* _Source data_:

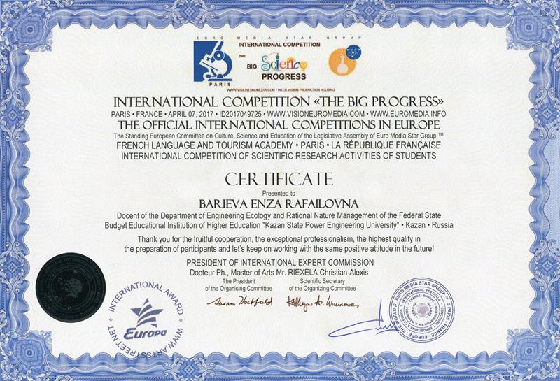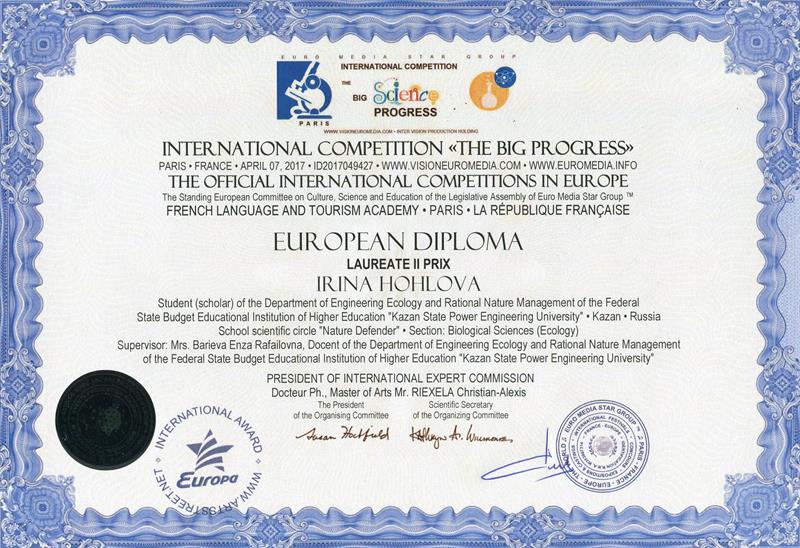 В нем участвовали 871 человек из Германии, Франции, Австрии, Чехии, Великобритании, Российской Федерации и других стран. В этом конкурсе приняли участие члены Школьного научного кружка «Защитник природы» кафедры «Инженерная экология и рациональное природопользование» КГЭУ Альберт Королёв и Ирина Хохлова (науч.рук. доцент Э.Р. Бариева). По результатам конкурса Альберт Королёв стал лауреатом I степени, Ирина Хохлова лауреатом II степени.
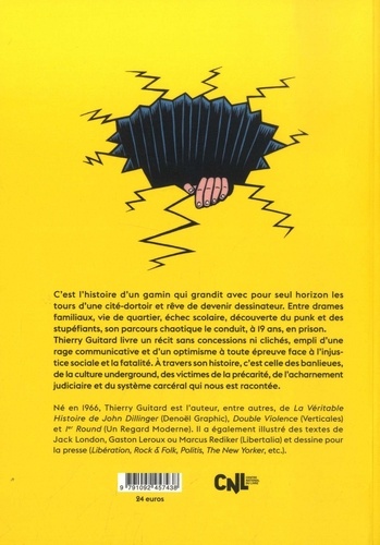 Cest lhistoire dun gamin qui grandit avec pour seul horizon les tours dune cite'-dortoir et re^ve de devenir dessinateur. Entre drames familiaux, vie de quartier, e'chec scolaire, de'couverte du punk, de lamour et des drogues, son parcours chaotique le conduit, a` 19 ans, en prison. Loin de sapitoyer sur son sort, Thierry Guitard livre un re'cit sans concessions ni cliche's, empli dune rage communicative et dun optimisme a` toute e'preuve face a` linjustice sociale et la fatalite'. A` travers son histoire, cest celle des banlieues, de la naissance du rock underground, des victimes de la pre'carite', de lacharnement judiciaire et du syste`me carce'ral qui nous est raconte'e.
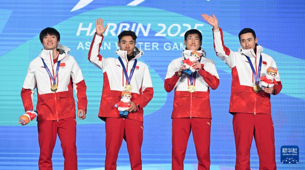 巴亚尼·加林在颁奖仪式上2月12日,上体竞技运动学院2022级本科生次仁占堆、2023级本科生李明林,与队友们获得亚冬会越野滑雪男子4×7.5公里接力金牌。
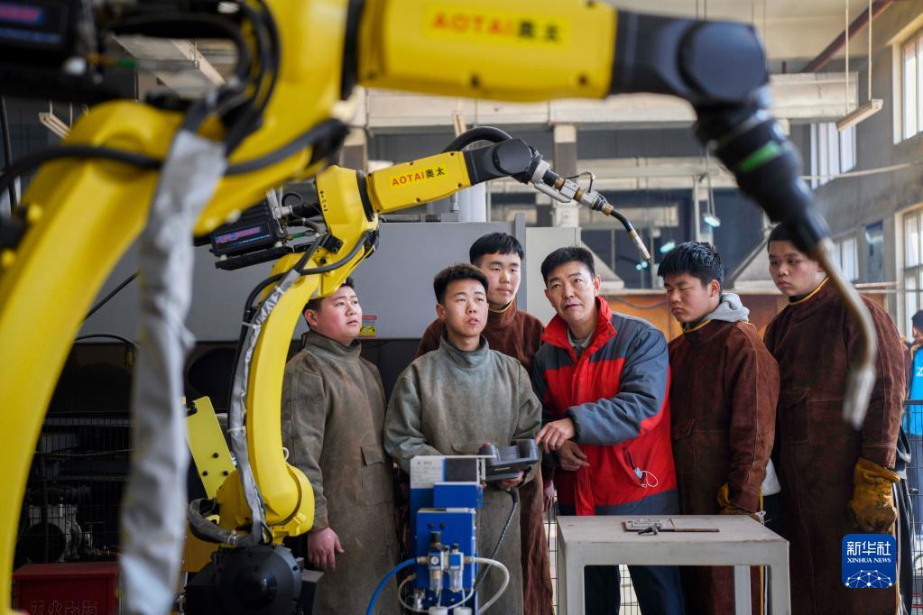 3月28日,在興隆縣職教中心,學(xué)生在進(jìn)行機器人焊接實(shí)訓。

* _Task objective_:
Please output each line above exactly and omit all images.

* _Final answer_:
 В нем участвовали 871 человек из Германии, Франции, Австрии, Чехии, Великобритании, Российской Федерации и других стран. В этом конкурсе приняли участие члены Школьного научного кружка «Защитник природы» кафедры «Инженерная экология и рациональное природопользование» КГЭУ Альберт Королёв и Ирина Хохлова (науч.рук. доцент Э.Р. Бариева). По результатам конкурса Альберт Королёв стал лауреатом I степени, Ирина Хохлова лауреатом II степени.
 Cest lhistoire dun gamin qui grandit avec pour seul horizon les tours dune cite'-dortoir et re^ve de devenir dessinateur. Entre drames familiaux, vie de quartier, e'chec scolaire, de'couverte du punk, de lamour et des drogues, son parcours chaotique le conduit, a` 19 ans, en prison. Loin de sapitoyer sur son sort, Thierry Guitard livre un re'cit sans concessions ni cliche's, empli dune rage communicative et dun optimisme a` toute e'preuve face a` linjustice sociale et la fatalite'. A` travers son histoire, cest celle des banlieues, de la naissance du rock underground, des victimes de la pre'carite', de lacharnement judiciaire et du syste`me carce'ral qui nous est raconte'e.
 巴亚尼·加林在颁奖仪式上2月12日,上体竞技运动学院2022级本科生次仁占堆、2023级本科生李明林,与队友们获得亚冬会越野滑雪男子4×7.5公里接力金牌。
 3月28日,在興隆縣職教中心,學(xué)生在進(jìn)行機器人焊接實(shí)訓。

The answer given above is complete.